From pv magazine global
Analysis and data by Taiwan-based industry analysts TrendForce show that the superior conversion efficiencies of n-type cells have led to “rapidly” expanded capabilities in 2022 and primed the market for competition. This has led TrendForce analysts to believe p-type PERC capacities could be phased out by 2025.
“Currently, PERC cell technology for producing p-type cells stands as the market’s mainstay,” the report said. “However, with the step-by-step realization of large-scale n-type cell capacities, there looms a risk that a substantial part of PERC cell technology capacities may be phased out within the forthcoming two to three years.”
Analysis suggests that as n-type silicon incrementally comes online there might be a sporadic shortage of high-quality silicon materials and wafers fit for n-type cells. “This could further establish a noticeable price disparity between n-type silicon wafers, and their p-type counterparts,” the report said, which may lead to a noticeable price difference between the two technologies.
Polysilicon supply poses its own problems. Although supply remains “abundant,” TrendForce warned that if production continues to surge for n-type cells there could be an oversupply of p-type silicon causing its price to drop faster.
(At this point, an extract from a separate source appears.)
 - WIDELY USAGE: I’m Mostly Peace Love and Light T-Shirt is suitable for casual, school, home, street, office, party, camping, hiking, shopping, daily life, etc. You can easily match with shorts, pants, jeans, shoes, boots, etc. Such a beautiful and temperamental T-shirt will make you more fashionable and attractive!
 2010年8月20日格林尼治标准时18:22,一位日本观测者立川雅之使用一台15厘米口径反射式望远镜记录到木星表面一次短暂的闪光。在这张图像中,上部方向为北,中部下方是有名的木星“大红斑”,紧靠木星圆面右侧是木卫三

TrendForce predicts supply could reach 68.8% capacity by the end of 2023 and 40.3% capacity by the end of 2025. “By 2023’s end, it is projected that the total production capacity of polysilicon will reach 2.072 million MT,” the report said. “The actual output of silicon materials is expected to be 1.483 million MT, sufficient to support over 600 GW of solar panel consumption (given a silicon consumption rate of 0.245 MT/GW). This aligns with an annual installation demand of approximately 370-390 GW, indicating a clear oversupply of silicon.”
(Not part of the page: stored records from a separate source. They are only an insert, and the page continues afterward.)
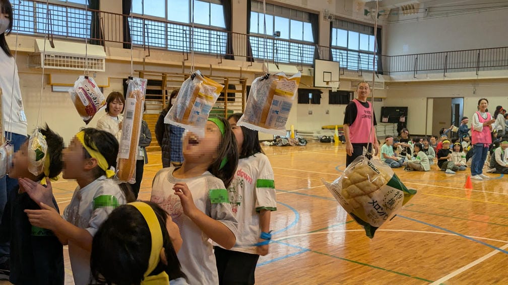 パンは参加賞として持って帰ってもらいました、歩きながら食べないように「帰ってから食べてね」の注意も忘れずに。 (事前にパン食い競争の周知とアレルギーの確認済み。また、口が触れたり落ちたものは拭いて衛生を考慮。)
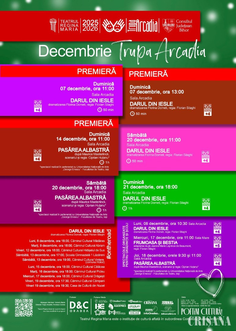 În ultima lună a anului, Trupa Arcadia vă invită să trăiți pe scenă cea mai frumoasă poveste a Crăciunului, în spectacolul „Darul din Iesle”, dramatizare de Florina Dometi, în regia lui Florian Silaghi. Reprezentațiile spectacolelor se joacă: duminică, 7 decembrie, de la orele 11.00 și 13.00, la Sala Arcadia; sâmbătă, 20 decembrie, de la ora 11.00, la Sala Arcadia; duminică, 21 decembrie, de la ora 18.00, la Sala Arcadia; duminică, 14 decembrie, de la ora 11.00, și sâmbătă, 20 decembrie, de la ora 18.00, sunteți așteptați la la cea mai nouă premieră a Trupei Arcadia, despre căutarea fericirii perfecte în „Pasărea Albastră”, scenariu și regie de Ciprian Huțanu, după Maurice Maeterlinck.
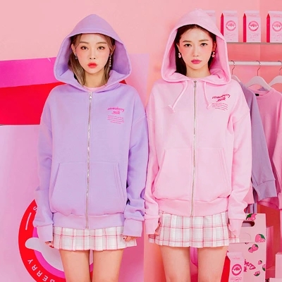 Strawberry Milk Cute Women's Casual Winter Long Sleeve Hoodies Sweatshirt Zipper Jacket Loose Style Pink & Lavendar
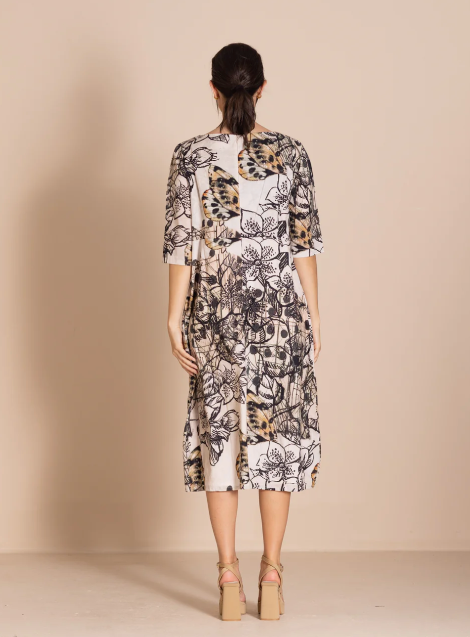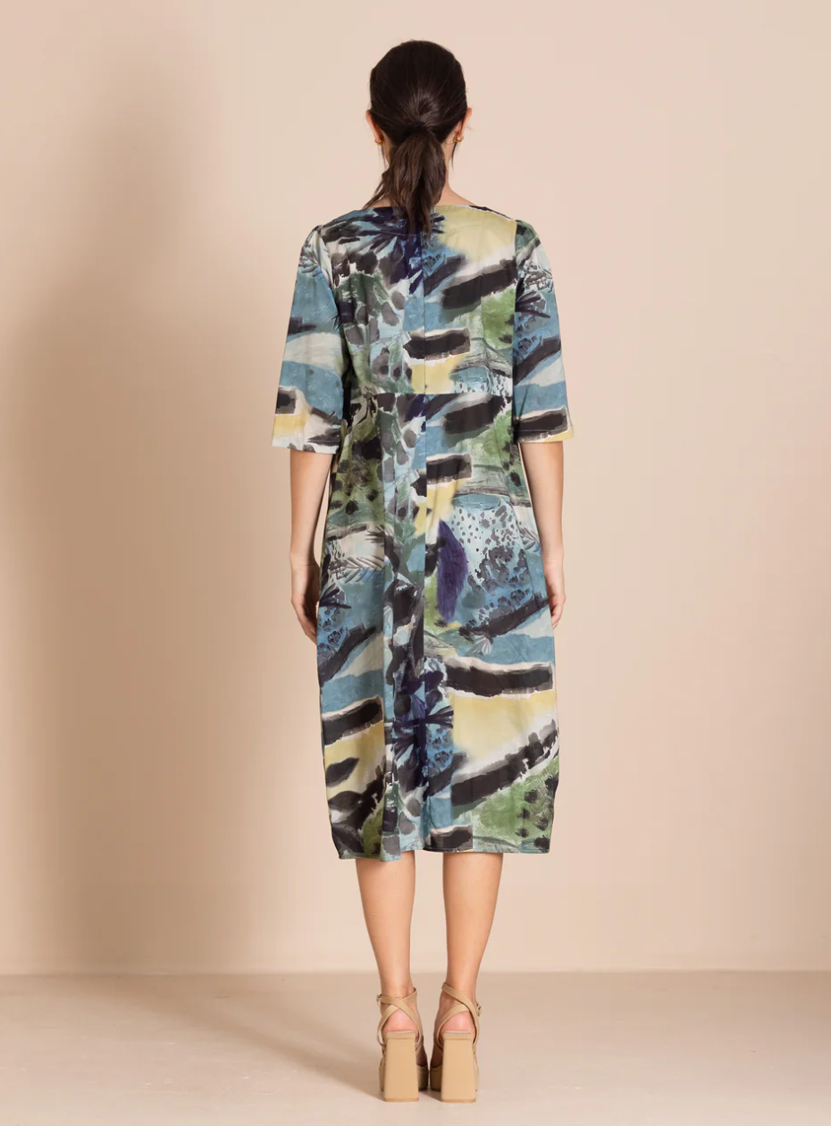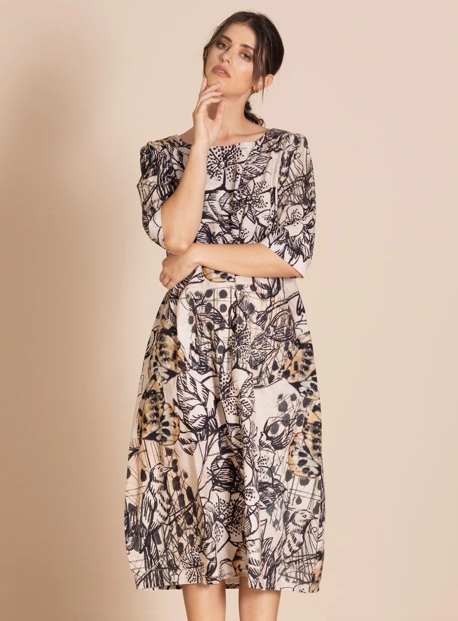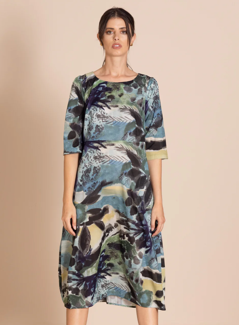 The bestselling romance style is beautifully re-imagined in these striking original Megan Salmon prints. Crafted from cotton with elegant three-quarter sleeves, this dress is both flattering and versatile. It features a high waist and our signature bell hem, expertly shaped by cleverly placed darts.

TrendForce said demand and limited output may lead to periodic shortages of n-type silicon, which would level out prices.
Silicon wafer production capacity is expected to reach roughly 921.6 GW by the end of the year, the report said, with silicon wafer manufacturers reacting to the n-type cell scramble by “rapidly” transforming operations and scaling up output. This may once again impact p-type cells.
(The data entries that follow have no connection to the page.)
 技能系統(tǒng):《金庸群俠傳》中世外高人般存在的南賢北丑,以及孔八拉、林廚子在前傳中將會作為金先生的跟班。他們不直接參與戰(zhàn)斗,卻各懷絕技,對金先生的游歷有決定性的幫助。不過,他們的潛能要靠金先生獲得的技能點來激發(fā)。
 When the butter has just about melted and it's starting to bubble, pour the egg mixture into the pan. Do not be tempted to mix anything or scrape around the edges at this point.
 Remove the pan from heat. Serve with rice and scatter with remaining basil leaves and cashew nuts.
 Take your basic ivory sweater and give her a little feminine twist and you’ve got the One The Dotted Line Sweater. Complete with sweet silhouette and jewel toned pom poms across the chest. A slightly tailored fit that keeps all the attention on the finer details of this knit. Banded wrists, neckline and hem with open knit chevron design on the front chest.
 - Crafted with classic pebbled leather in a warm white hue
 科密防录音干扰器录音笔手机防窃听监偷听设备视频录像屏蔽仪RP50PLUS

“With the inclusion of rectangular silicon wafers occupying a portion of this capacity, certain dimensions of p-type wafers might experience short-term supply shortages, potentially failing to meet immediate demands,” TrendForce said. “If the n-type cell rollout falls short of expectations, there remains a risk of n-type wafer oversupply.”
But as n-cell capacity deployment experiences delays, PERC tech will most likely remain the victorious technology for 2023, the report said. Total wafer capacity primarily attributed to n-type TOPCon cell technology is expected to reach 1,172 GW by the end of the year – a 106% increase since 2022, the report said.
“However, TrendForce has observed some delays in the actual deployment of n-type cell capacity. Given the existing price difference between n-p type wafers, PERC technology is anticipated to retain its leading position in the market this year, although the penetration rate of TOPCon cells will accelerate.”